§ Data to process:
===============
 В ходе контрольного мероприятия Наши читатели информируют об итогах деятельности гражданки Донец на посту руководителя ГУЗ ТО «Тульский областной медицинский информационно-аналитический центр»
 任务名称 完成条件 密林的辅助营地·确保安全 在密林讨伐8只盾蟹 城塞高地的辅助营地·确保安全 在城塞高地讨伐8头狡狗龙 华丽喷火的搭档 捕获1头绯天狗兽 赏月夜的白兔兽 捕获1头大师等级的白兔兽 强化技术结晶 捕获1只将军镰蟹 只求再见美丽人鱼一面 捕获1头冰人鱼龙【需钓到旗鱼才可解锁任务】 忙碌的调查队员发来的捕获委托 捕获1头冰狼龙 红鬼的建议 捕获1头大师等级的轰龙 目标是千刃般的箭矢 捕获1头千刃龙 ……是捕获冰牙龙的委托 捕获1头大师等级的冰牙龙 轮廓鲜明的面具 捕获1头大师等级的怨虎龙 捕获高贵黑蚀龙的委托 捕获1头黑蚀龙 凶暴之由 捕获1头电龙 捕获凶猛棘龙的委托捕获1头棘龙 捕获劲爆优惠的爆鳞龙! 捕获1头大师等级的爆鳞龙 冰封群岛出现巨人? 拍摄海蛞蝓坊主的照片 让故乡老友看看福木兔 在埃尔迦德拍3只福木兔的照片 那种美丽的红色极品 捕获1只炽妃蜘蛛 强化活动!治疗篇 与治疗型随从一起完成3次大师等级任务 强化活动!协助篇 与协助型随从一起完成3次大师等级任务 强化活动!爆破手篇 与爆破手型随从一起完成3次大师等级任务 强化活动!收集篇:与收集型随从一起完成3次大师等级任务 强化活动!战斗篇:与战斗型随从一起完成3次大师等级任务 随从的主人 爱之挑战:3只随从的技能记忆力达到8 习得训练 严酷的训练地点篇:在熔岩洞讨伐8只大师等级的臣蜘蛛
===============
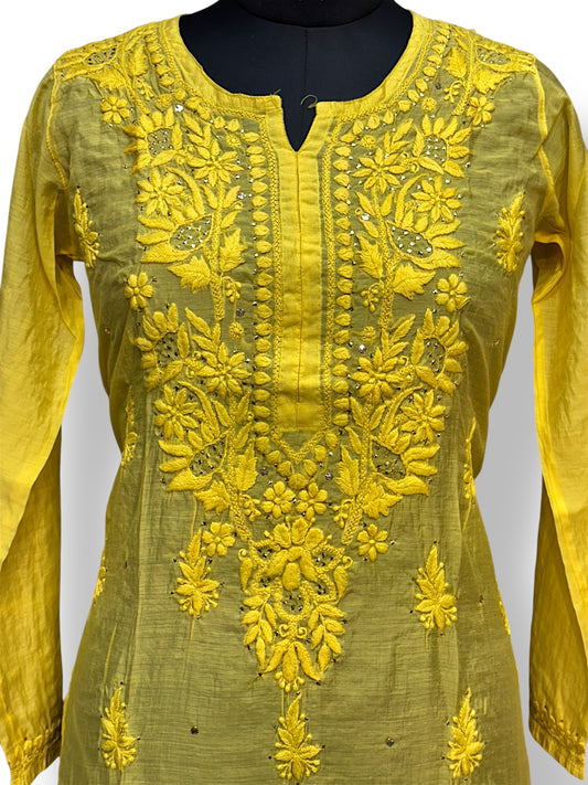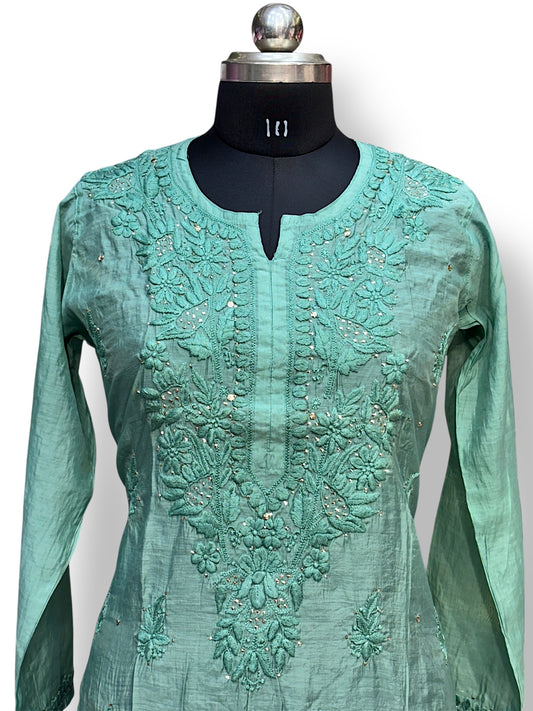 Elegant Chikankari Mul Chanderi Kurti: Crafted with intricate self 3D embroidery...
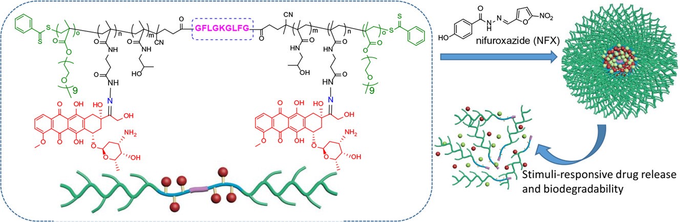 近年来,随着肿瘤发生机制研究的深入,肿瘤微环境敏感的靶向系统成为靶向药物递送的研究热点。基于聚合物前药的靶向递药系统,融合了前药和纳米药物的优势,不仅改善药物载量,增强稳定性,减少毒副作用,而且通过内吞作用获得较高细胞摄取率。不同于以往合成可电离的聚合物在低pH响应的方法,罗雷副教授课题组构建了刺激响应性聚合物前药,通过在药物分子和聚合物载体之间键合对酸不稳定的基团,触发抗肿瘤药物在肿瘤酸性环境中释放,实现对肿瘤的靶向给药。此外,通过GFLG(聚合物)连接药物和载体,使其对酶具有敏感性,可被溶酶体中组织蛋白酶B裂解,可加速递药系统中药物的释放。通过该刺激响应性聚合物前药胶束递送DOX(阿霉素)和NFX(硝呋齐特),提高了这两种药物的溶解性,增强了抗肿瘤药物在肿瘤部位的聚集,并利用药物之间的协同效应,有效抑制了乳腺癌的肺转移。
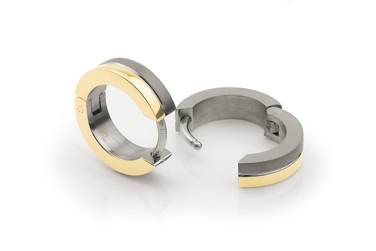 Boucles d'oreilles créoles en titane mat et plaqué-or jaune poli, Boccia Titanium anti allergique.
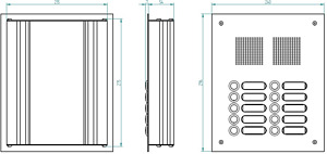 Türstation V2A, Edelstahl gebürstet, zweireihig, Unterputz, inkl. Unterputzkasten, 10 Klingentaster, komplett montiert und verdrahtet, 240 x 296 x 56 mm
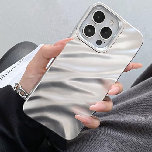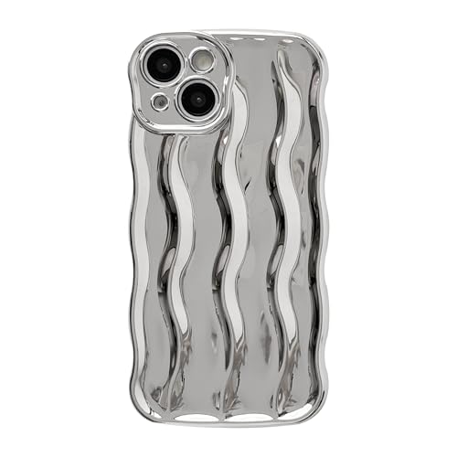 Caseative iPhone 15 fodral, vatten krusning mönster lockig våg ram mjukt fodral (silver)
===============
§ What you have to do:
In the listing above, find the line containing "Boucles d'oreilles créoles". Output it and every line after it up to and including the line containing "Caseative iPhone 15", exactly, but skip the pictures.

§ Expected answer:
 Boucles d'oreilles créoles en titane mat et plaqué-or jaune poli, Boccia Titanium anti allergique.
 Türstation V2A, Edelstahl gebürstet, zweireihig, Unterputz, inkl. Unterputzkasten, 10 Klingentaster, komplett montiert und verdrahtet, 240 x 296 x 56 mm
 Caseative iPhone 15 fodral, vatten krusning mönster lockig våg ram mjukt fodral (silver)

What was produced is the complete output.